▸ **Goal of the exercise**
Extract the full listing verbatim and drop any pictures from your copy.

▸ **Data below**
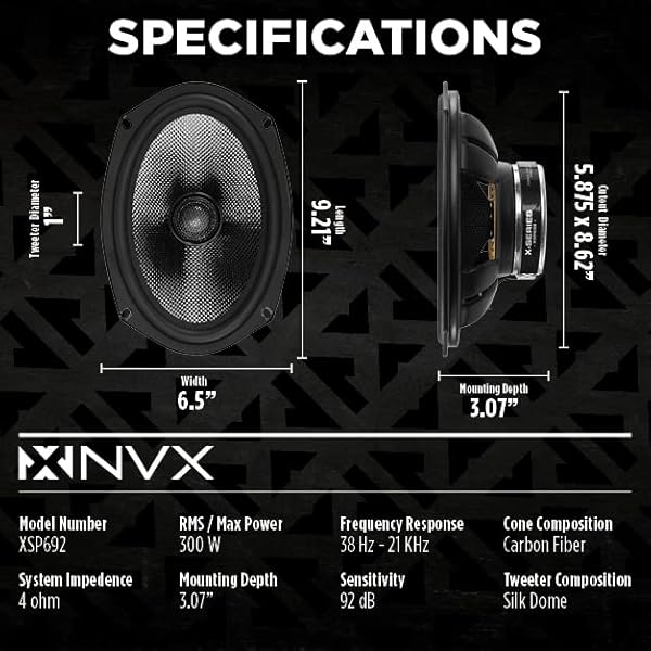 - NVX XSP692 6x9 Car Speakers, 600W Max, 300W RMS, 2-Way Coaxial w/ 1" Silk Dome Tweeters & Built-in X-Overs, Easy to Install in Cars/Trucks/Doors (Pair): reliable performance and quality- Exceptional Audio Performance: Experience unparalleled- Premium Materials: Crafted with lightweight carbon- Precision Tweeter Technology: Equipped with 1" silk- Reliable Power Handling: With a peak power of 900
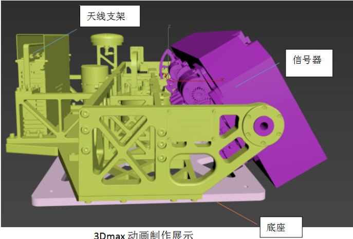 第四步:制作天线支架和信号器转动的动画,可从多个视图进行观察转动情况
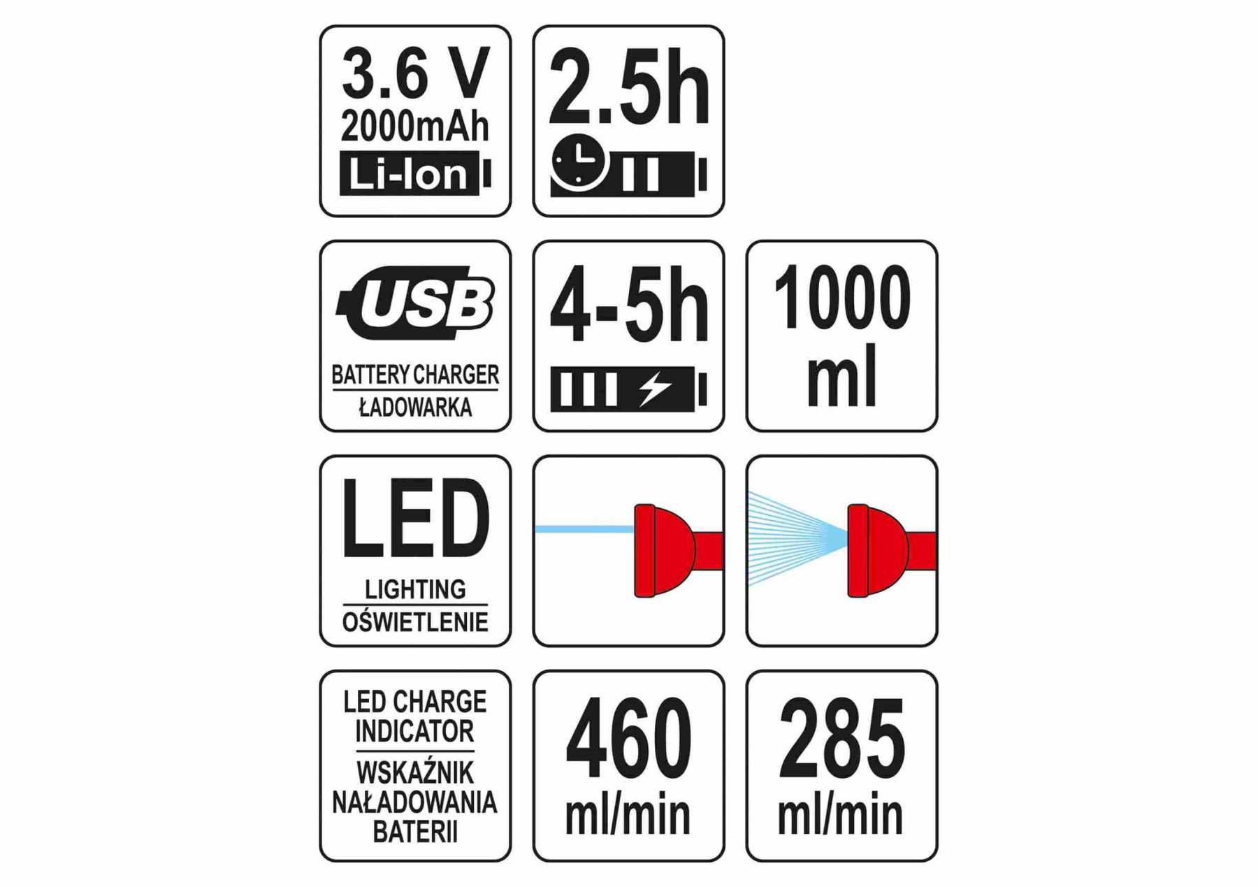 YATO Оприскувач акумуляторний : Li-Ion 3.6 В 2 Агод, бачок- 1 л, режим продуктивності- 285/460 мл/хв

▸ **Solution for this problem**
 - NVX XSP692 6x9 Car Speakers, 600W Max, 300W RMS, 2-Way Coaxial w/ 1" Silk Dome Tweeters & Built-in X-Overs, Easy to Install in Cars/Trucks/Doors (Pair): reliable performance and quality- Exceptional Audio Performance: Experience unparalleled- Premium Materials: Crafted with lightweight carbon- Precision Tweeter Technology: Equipped with 1" silk- Reliable Power Handling: With a peak power of 900
 第四步:制作天线支架和信号器转动的动画,可从多个视图进行观察转动情况
 YATO Оприскувач акумуляторний : Li-Ion 3.6 В 2 Агод, бачок- 1 л, режим продуктивності- 285/460 мл/хв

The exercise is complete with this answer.